▶ _Task to complete_
Without including any images, repeat the listing below exactly.

── Provided material ──

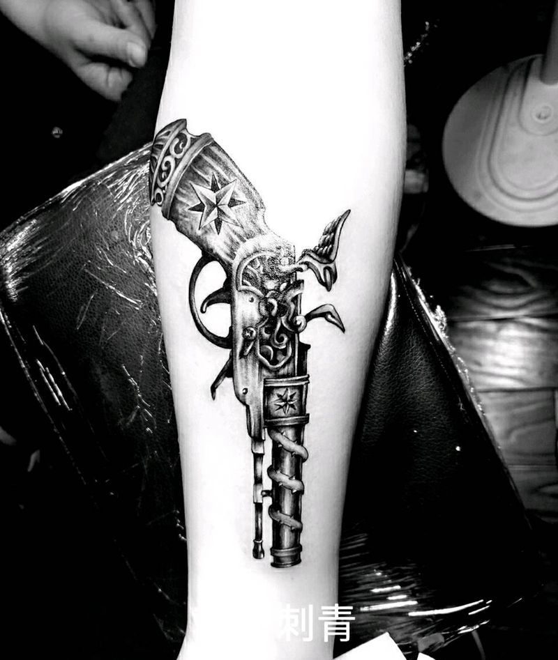 当前位置: 首页 >浙江省温州市纹身店-南唐刺青纹身图案>火枪纹身图片_手臂欧美写实纹身图案
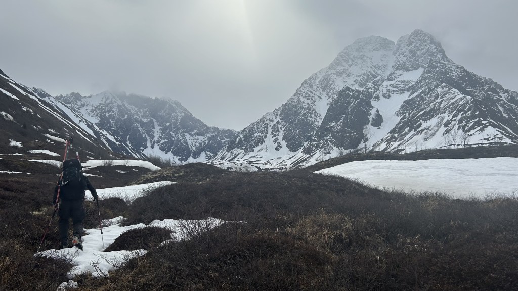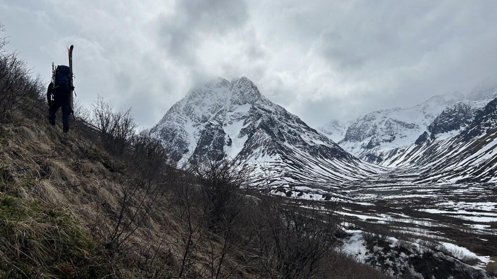 When the day came about, we threw our 80lbs packs on our backs and began the long walk through the woods. Low hanging branches were trying to steal our skis every step, but eventually the brush began to thin out. Soon enough we were in Ram Valley where the city we had just come from became only a memory. To be so close to Anchorage but so isolated is a special feeling, and something I love about the western Chugach.
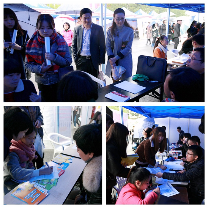 12月9日下午,温州职业技术学院2016届毕业生精选化招聘会在学院明德楼广场举行。来自温州以及上海、南京、杭州、宁波、台州、丽水等周边地市的410家单位参加了招聘会。学院领导王靖高书记、谢志远院长、王向红副院长、王志梅副院长等亲临现场指导。2016届3100多名毕业生到场应聘,4000余名大一大二学生来到现场观摩与寻找实习岗位。

───

▶ _Result_
 当前位置: 首页 >浙江省温州市纹身店-南唐刺青纹身图案>火枪纹身图片_手臂欧美写实纹身图案
 When the day came about, we threw our 80lbs packs on our backs and began the long walk through the woods. Low hanging branches were trying to steal our skis every step, but eventually the brush began to thin out. Soon enough we were in Ram Valley where the city we had just come from became only a memory. To be so close to Anchorage but so isolated is a special feeling, and something I love about the western Chugach.
 12月9日下午,温州职业技术学院2016届毕业生精选化招聘会在学院明德楼广场举行。来自温州以及上海、南京、杭州、宁波、台州、丽水等周边地市的410家单位参加了招聘会。学院领导王靖高书记、谢志远院长、王向红副院长、王志梅副院长等亲临现场指导。2016届3100多名毕业生到场应聘,4000余名大一大二学生来到现场观摩与寻找实习岗位。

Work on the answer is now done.